Sean Penn stars in the role of Harvey Milk, the first openly gay person to be elected to public office in the United States. Though he only served as a member of the San Francisco Board of Supervisors for about 11 months until his tragic assassination in 1978, the movie charts his campaign for office and the many LGBT+ people and allies who helped him on his way. His optimism, courage, victory, and eventual martyrdom have all served to make Harvey Milk one of the most important politicians in US history. Only a year after the movie’s release, Milk was posthumously awarded the Presidential Medal of Freedom to commemorate his life.

#4: “Tangerine” (2015)

The fact that this comedy-drama, set on a sun-soaked Christmas Eve in LA, was shot entirety on iPhones isn’t the only impressive thing about it. “Tangerine” aims to capture the realities faced by trans sex workers every day, bringing an area of street culture rarely seen in the media plenty of much-needed attention. Its lead roles, Sin-Dee and Alexandra, are played by first-time trans actresses Kitana Kiki Rodriguez and Mya Taylor, and it was shot on a minuscule budget of $100,000. Despite its production obstacles, director Sean Baker still released a hilarious, heart-wrenching, age-defining film.

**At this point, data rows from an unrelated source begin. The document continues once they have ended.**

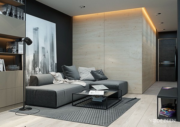 這間一室公寓采用現(xiàn)代單色主題搭配光滑的膠合板墻板。緊湊的客廳布置為整個家庭中的智能節(jié)省空間解決方案樹立了標(biāo)準(zhǔn)。
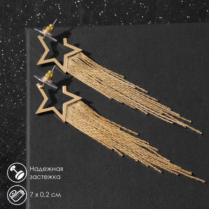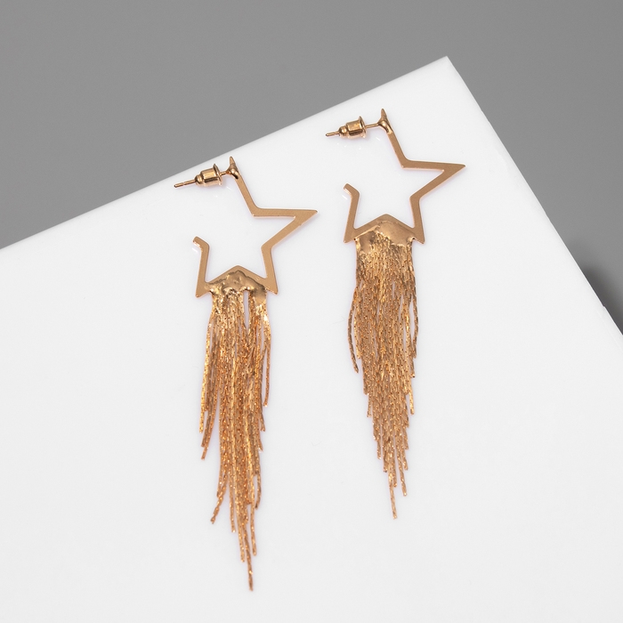 Серьги висячие «Дождь» звезда, цвет золото, 7 см
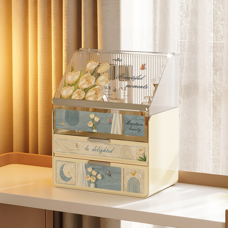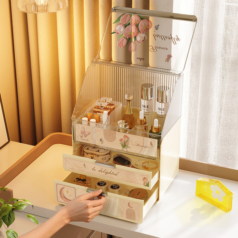 美世达化妆品收纳盒梳妆台护肤品置物架整理盒桌面防尘化妆箱抽屉

#3: “Brokeback Mountain” (2005)

The tragic bond between Jack Twist and Ennis Del Mar is a landmark love story in queer cinema. Ang Lee has been credited, along with A-list leads Jake Gyllenhaal and the late Heath Ledger, with paving the way for blockbuster movies to finally show gay characters. Named for the location of the unforgettable summer the two characters share together, “Brokeback Mountain” captures the pain of being closeted and has become one of the all-time greatest romance tales. Its cultural impact is undeniable, despite it being made the butt of many unpleasant jokes since its release.

#2: “Weekend” (2011)

This bittersweet British movie captures a chance encounter between two men who form an intense relationship over the course of a brief weekend. Meeting just days before one of them is planning to leave the country, audiences are acutely aware that as the minutes go by Glen and Russell are running out of time together. “Weekend” also discusses many social and political issues faced by LGBT people in the modern world in-depth, such as heteronormativity and gay marriage. This makes it down-to-earth and incredibly relevant to the lives and struggles of queer people today.

Before we unveil our top pick, here are a few Honorable Mentions:

“The Way He Looks” (2014)

“The Handmaiden” (2016)

“Dallas Buyers Club” (2013)

#1: “Carol” (2015)

Todd Haynes’ cinematic masterpiece explores the affair between housewife Carol Aird, played by Cate Blanchett, and photographer Therese Belivet, played by Rooney Mara. The film is set in New York in 1952. While neither of them feels shame about their love, it needs to be kept secret so that Carol won’t lose custody of her young daughter as she goes through a divorce. Based on Patricia Highsmith’s novel “The Price of Salt,” the relationship between Carol and Therese is beautifully translated to the big screen and offers an uplifting ending rarely seen in a gay period drama. The critically-acclaimed “Carol” goes to show that even in the repressed 1950s, love will always win.